━━━ GIVEN ENTRIES ━━━
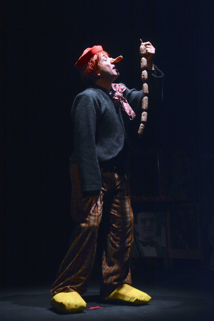 Tra un personaggio e l’altro, Ballantini si trucca a vista utilizzando una sorta di camerino aperto, recuperando anche i suoi vecchi trucchi teatrali. L’artista livornese approfondisce alcun contenuti ed osservazioni, per spiegare e dare importanza al recupero di memoria collettiva e per preservare il futuro dei comici, dalla mancanza di agganci con il passato.
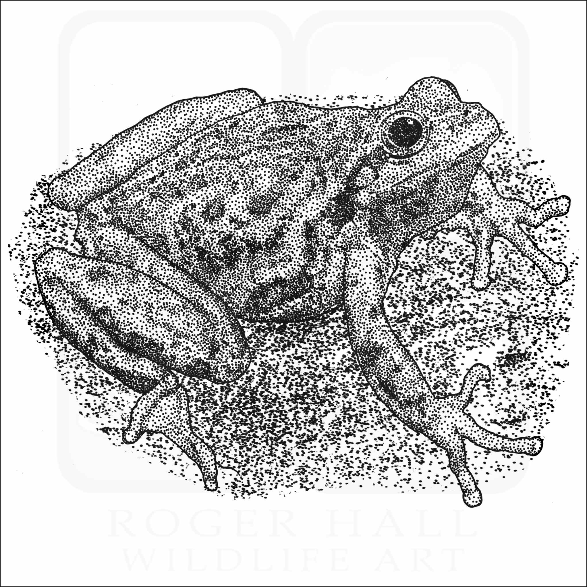 Fine art illustration of a Sierra Tree Frog (Pseudacris sierra.) The illustration is available in black and white or color.
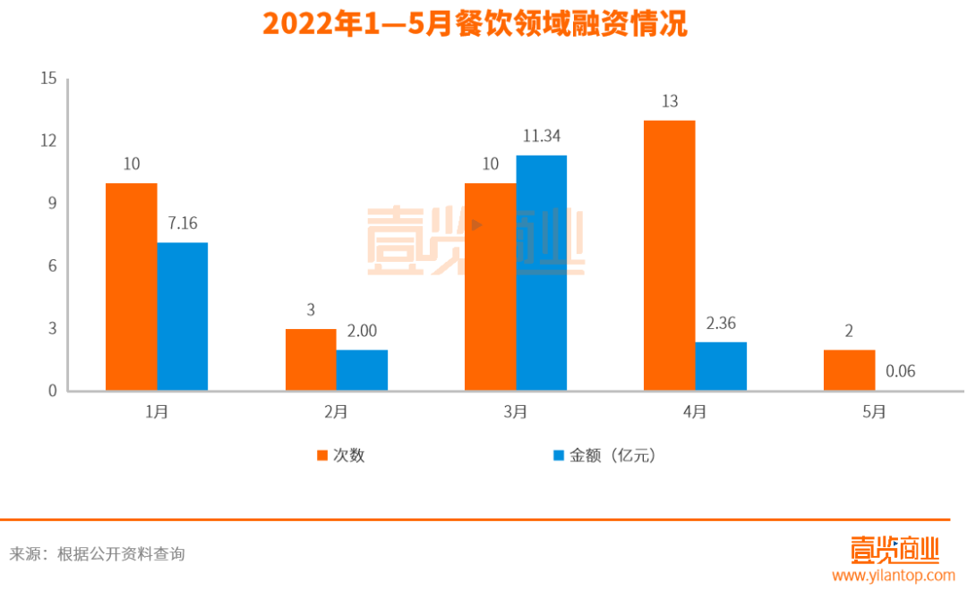 據(jù)壹覽商業(yè)統(tǒng)計數(shù)據(jù)顯示,2022年1-4月,餐飲領(lǐng)域的融資情況為:融資事件數(shù)量依次分比為9起、4起、10起、13起;總?cè)谫Y金額依次分比為7.16億元、2億元、11.43億元、2.36億元。而5月份,餐飲領(lǐng)域僅獲得2起融資事件,總?cè)谫Y金額為0.06億元。相比此前的節(jié)節(jié)爬升,餐飲領(lǐng)域在5月份跌回了“谷底”。
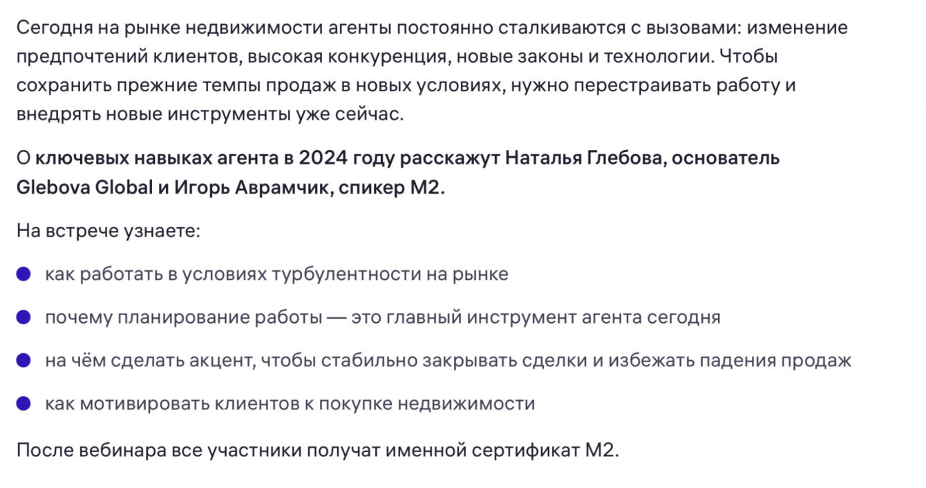 М2 активно работают с контентом. У них есть свои медиа про недвижимость, несколько Telegram-каналов: для физических лиц, для риелторов и про работу с новостройками. Ещё они регулярно проводят обучающие мероприятия с участием экспертов в сфере недвижимости. Например, на вебинарах в «Клубе риелторов» рассказывают, как меняются тренды на рынке за последний квартал, какие выходят постановления и как риелтору удерживать клиентов.
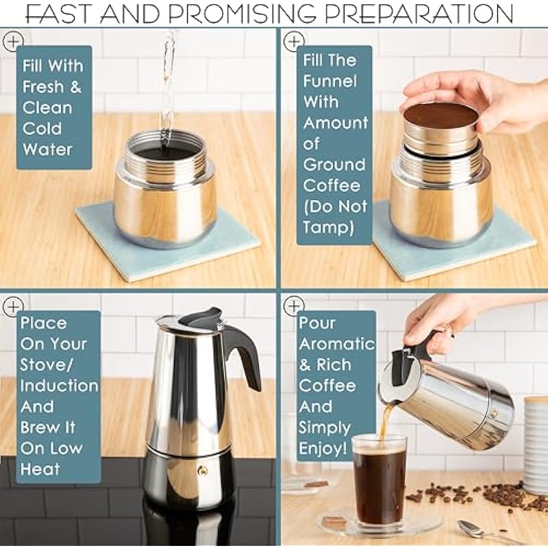 - Easy To Use Espresso Pot: Fill the lower part of the three-part with water, put the ground coffee into the basket, put the top on, and place the stainless steel espresso pot on a cooker to boil. Your expresso is ready in minutes!
━━━
_TASK GOAL_: Go back to the line containing "М2 активно работают" and output it and every line after it through the end of the records, exactly, but not the pictures.

_SOLUTION TO THE EXERCISE_:
 М2 активно работают с контентом. У них есть свои медиа про недвижимость, несколько Telegram-каналов: для физических лиц, для риелторов и про работу с новостройками. Ещё они регулярно проводят обучающие мероприятия с участием экспертов в сфере недвижимости. Например, на вебинарах в «Клубе риелторов» рассказывают, как меняются тренды на рынке за последний квартал, какие выходят постановления и как риелтору удерживать клиентов.
 - Easy To Use Espresso Pot: Fill the lower part of the three-part with water, put the ground coffee into the basket, put the top on, and place the stainless steel espresso pot on a cooker to boil. Your expresso is ready in minutes!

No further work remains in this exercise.